Today, the Azimovs are credited by many of France’s Jews for the radical transformation that has made the city of lights a lively Jewish metropolis. I’ve come prepared to hear Rabbi Azimov discuss his early struggles, the great aspirations, the vision and the strategy that he and his wife nursed as they set out on their lifelong mission as Chabad Shluchim to Paris. 

But the dyed-in-the-wool Lubavitcher Chasid is altogether understated about his prodigious success. I press on. Surely he and his wife devised a plan, nurtured a dream, conceived a schema that would help explain his considerable following and the dramatic success of his shlichut. 

Not really. He and his wife, he tells me plainly, were just teachers.  

They taught one child, one teenager, one adult at a time. They taught groups, they taught college students, they started a school. Between the two, hundreds, and eventually thousands of Jews would study Torah. The Azimovs filled their days and their evenings teaching. “Moule” made his rounds at all major and local universities in Paris, seeking out Jewish students who welcomed the chance to join a Torah study class. His wife reached out to local families, teaching the women, their daughters, and college girls, so they would want to marry Jewish, and live as Jews. Nothing more elaborate, nothing more grandiose or glamorous than finding Jewish people who would accept the invitation to study Torah.  

Slowly but surely their students took an interest not only in studying, but in living Jewishly. And then they became Chabad Shluchim.
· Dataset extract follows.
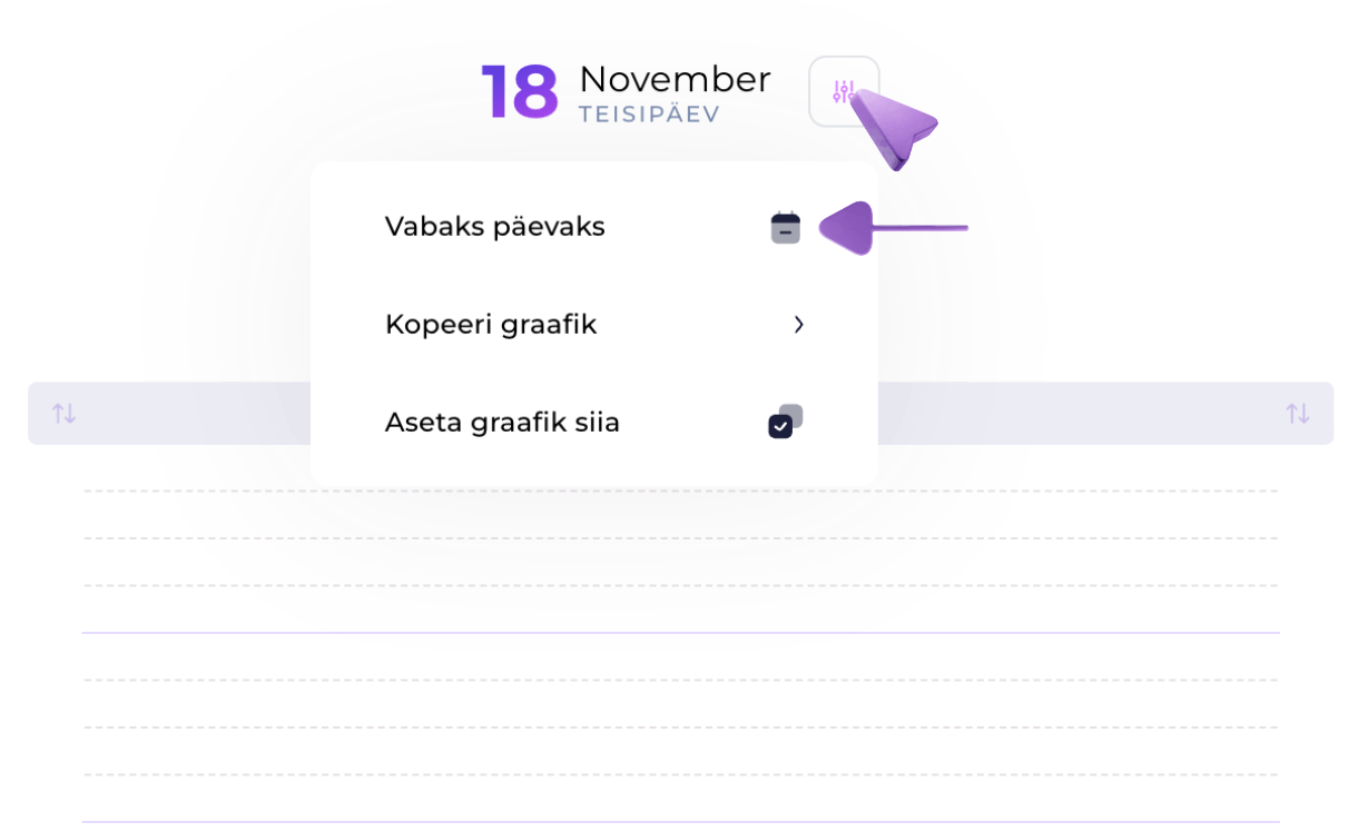 Töögraafiku muutmine ei tÀhenda, et peaksid looma tÀiesti uue graafiku. Piisab, kui muudad konkreetse pÀeva tagasi vabaks ja kalendris seda tööpÀevana enam ei kuvata.

In the 1960s, with the influx of Jews from Algiers, Tunis and Morocco, France’s Jewish population grew rapidly. Jewish communities blossomed.  Success begat success. Today, Beit Chaya Mouchka, the Chabad Jewish school in Paris founded by Mrs. Azimov and her husband—a $22 million complex when it was built 20 years ago—counts two thousand students from preschool through high school.